In bladder cancer, the combined assessment of POLQ and PD-L1
expression could serve as a predictor of immunotherapy efficacy
(34), thus suggesting a role for
POLQ in modulating the tumor microenvironment. In line with these
findings, the present study revealed that high POLQ expression was
associated with reduced immune and stromal scores, and diminished
infiltration of antitumor immune cells, including CD8+ T
cells and NK cells. Furthermore, POLQ expression was positively
correlated with PD-L1 levels in both TCGA dataset and validation
cohort, although the correlation in the TCGA dataset was weak,
suggesting a potential association between POLQ and the
immunosuppressive tumor microenvironment in EC. The present study
primarily focused on characterizing the immunosuppressive landscape
associated with POLQ expression, with particular attention to PD-L1
expression and the infiltration of T cells and NK cells.

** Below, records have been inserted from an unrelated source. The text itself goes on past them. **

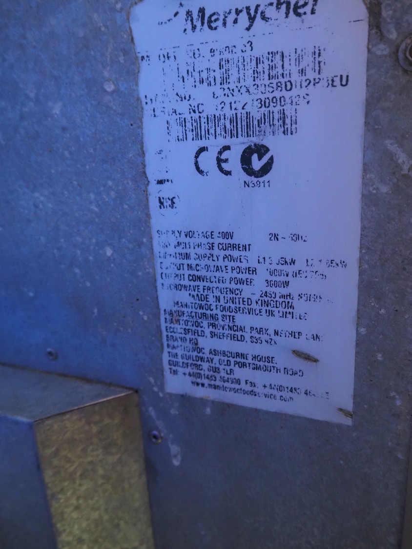 Merrychef turbo oven, model: Eikon e3, 400 V, 2 Ph, 50 Hz, inside dimensions: 350 mm x 320 mm x 320 mm, total dimensions: 600 mm x 550 mm x 500 mm.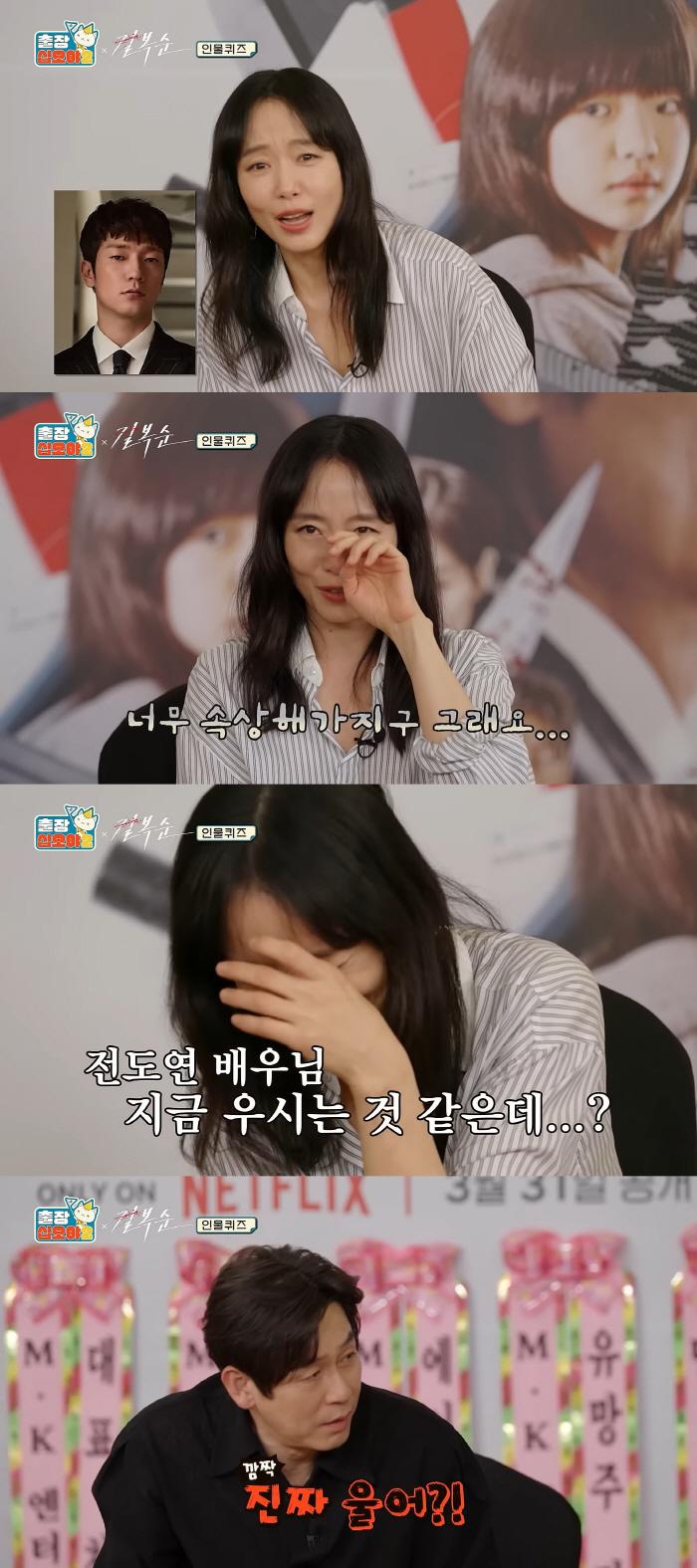 결국 전도연은 "나부터 하겠다"고 말했고, 지켜보던 설경구는 "진짜 울어"라며 웃어 눈길을 끌었다.
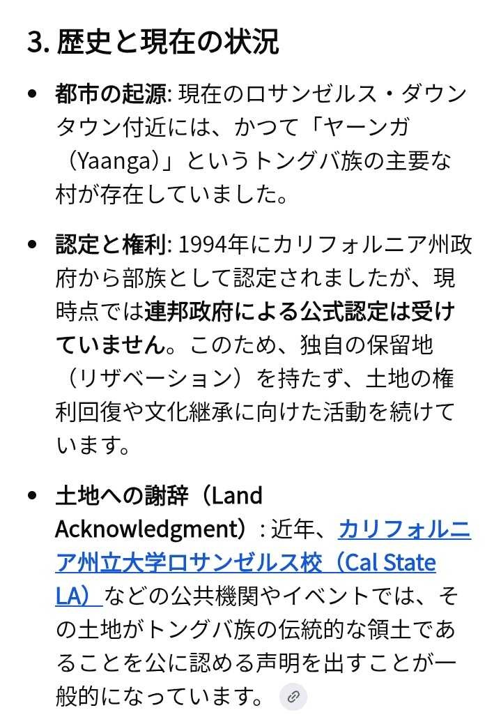 「今後の協議では、ロサンゼルス盆地全体がガブリエレノ・トングバ族の領土であり続けることを国民に理解してもらうために、この部族について明確に言及されることを希望する」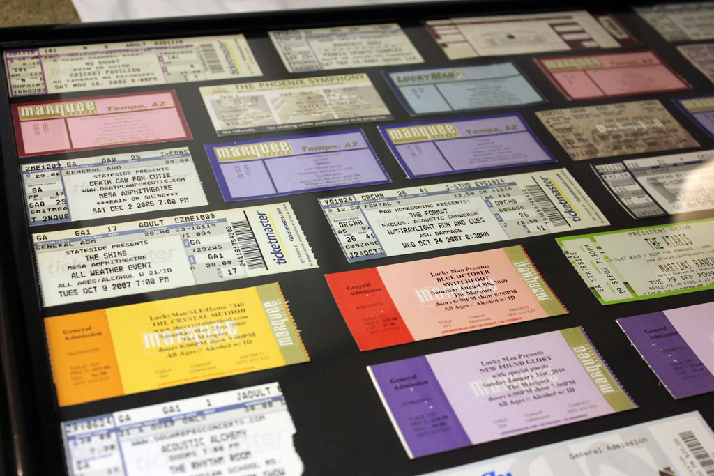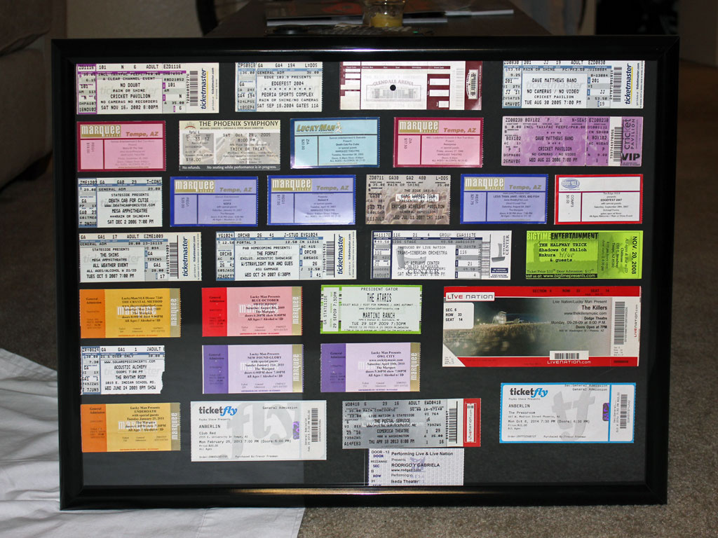 This is a 24″ x 18″ poster frame showcasing ticket stubs from concerts I have attended. The background is black construction paper and the tickets are mounted using 3M Photo Splits adhesive mount squares (commonly used in scrapbooks and photo albums). They are behind a thin sheet of plastic (instead of glass like in a nicer quality frame). I am already out of room and need to make a second one.

Although
these analyses provide initial insights into the potential
immunoregulatory role of POLQ, a comprehensive evaluation of
immunotherapy response and additional immune cell subtypes was
beyond the scope of the current work. Therefore, further studies
incorporating functional assays, broader immune profiling and
immunotherapy-related models will be required to fully elucidate
the role of POLQ in tumor immune regulation.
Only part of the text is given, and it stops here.